“Please, go on,” she prodded. “You were going to answer why they picked the three of you.”
“In order for their dreamwalkers to incarnate, they had to find natural-born channelers. It was thousands of years before three natural channelers with links born to each of the three elements of Light, Life, and Time were all born in the same generation.”
“You’re also a channeler?” Oriand asked.
“I was. I gave my link to Aaron. I couldn’t just initiate him into the Light and let him develop on his own. I gave him Archurion’s link. Any natural connection I once had was caught up in that.”
“So what made Aaron special? He wasn’t an avatar.”
“No,” Kaldor confirmed. “He was not. Until Aaron, every being, whether dragon, elf, human, or any other race, can only ever have one link. No one can channel two elements… or, no one could. Until him. Aaron was born with the capacity to hold four links. He wasn’t a natural channeler himself—he wasn’t born with it. But his soul could receive what was given to it. In the end, we gave him two: Light and Time. He never touched the powers of Life… or Dark, for that matter.”
“Do you have any idea what we’re going to find in Valkrage’s Vault?”
Kaldor cocked his head. “I have my suspicions, but I don’t know for sure. Valkrage hid something away from the gods’ awareness. Which means, my dear, that once we go inside, you must refrain from any runic magic.”
Oriand nodded.
* * *
Anuit walked in silence beside Arda as Kaldor and Oriand talked up ahead. Oriand had taken her to the markets the morning they left, purchasing travel clothing for her and the paladin. Arda had cleaned and still wore her zorium-weave armor. It wasn’t hot enough for her to abandon it. At least Arda’s leather duster was stowed in one of the saddlebags on their camel. Her tricorne hat’s brim shaded her face. Anuit, on the other hand, was sick of the same damned dress she had been wearing when she left Rille. Her new garb was a double layer of thin, tan robes that flowed loosely, and a hood that shielded her head from the sun. Oriand wore similar attire. Kaldor wore loose white trousers and a flowing cotton shirt underneath a thin outer-robe that carried his many pockets. All of them had scarves for the desert dust. It wasn’t quite so bad there on the riverbank, but Kaldor said they would need them for the latter part of their journey.

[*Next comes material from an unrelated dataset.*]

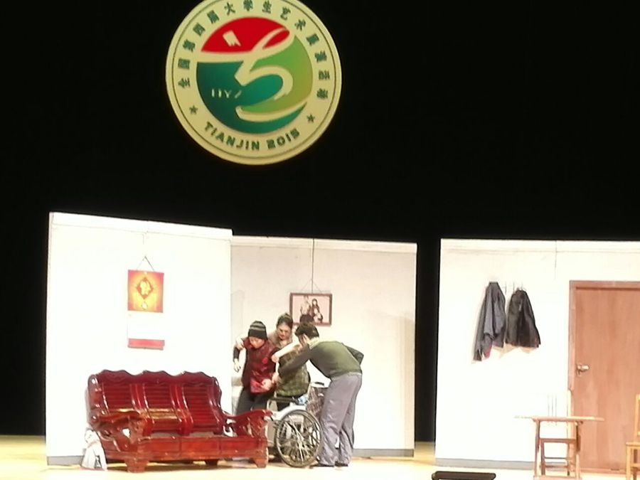 由戏剧系副教授那刚编剧,姚红、那刚指导的小品《和你在一起》是一部获奖诸多的作品,曾荣获2014浙江省大学生艺术节一等奖。此次为代表浙江赴津比赛,参与表演的12影视表演班同学大年初四便回校备赛。学院领导亲自安排诸多参赛细节问题,在系主任支涛带领下,戏剧系参赛师生赴津参赛。由于是客场比赛,北方寒冷气温让南方学生颇感不适,住宿的大学校园里因恰逢寒假缺乏必要的配套服务,这些都考验着师生们。困难最终都化作前进动力,同学们不负众望,凭借一部主打亲情牌的催泪小品《和你在一起》,荣获艺术表演类戏剧乙组(专业组)一等奖,这也是戏剧系继第三届全国大学生艺术展演后再度获得一等奖。

When the road turned west to skirt the mountain range towards Abreen Jungle, they left it behind, following the banks of Garden Lake around to the south. The lake was breathtaking, the most beautiful Anuit had ever seen. The lips of its green banks cradled azure water. At the southern end, they were framed by great cliffs of orange rock, sparkling with granite and quartz veins. The mouth of the lake was fed by a waterfall, not visible across the lake’s expanse at first until they got closer to it. The mists set a cascade of rainbows that shimmered over the orange cliff faces.
The trail rose, climbing the slopes to guide them to the tops of the cliffs. Anuit looked back down over the lake as they stood beside the top of the waterfall. The river flowed from the mountains to the south, but to the east, across many more miles of sand dunes, she could see the distant muddy green of swampland.
Kaldor pointed to it. “Sublai Swamp,” he said. “Home to the troll people of the Sublai.”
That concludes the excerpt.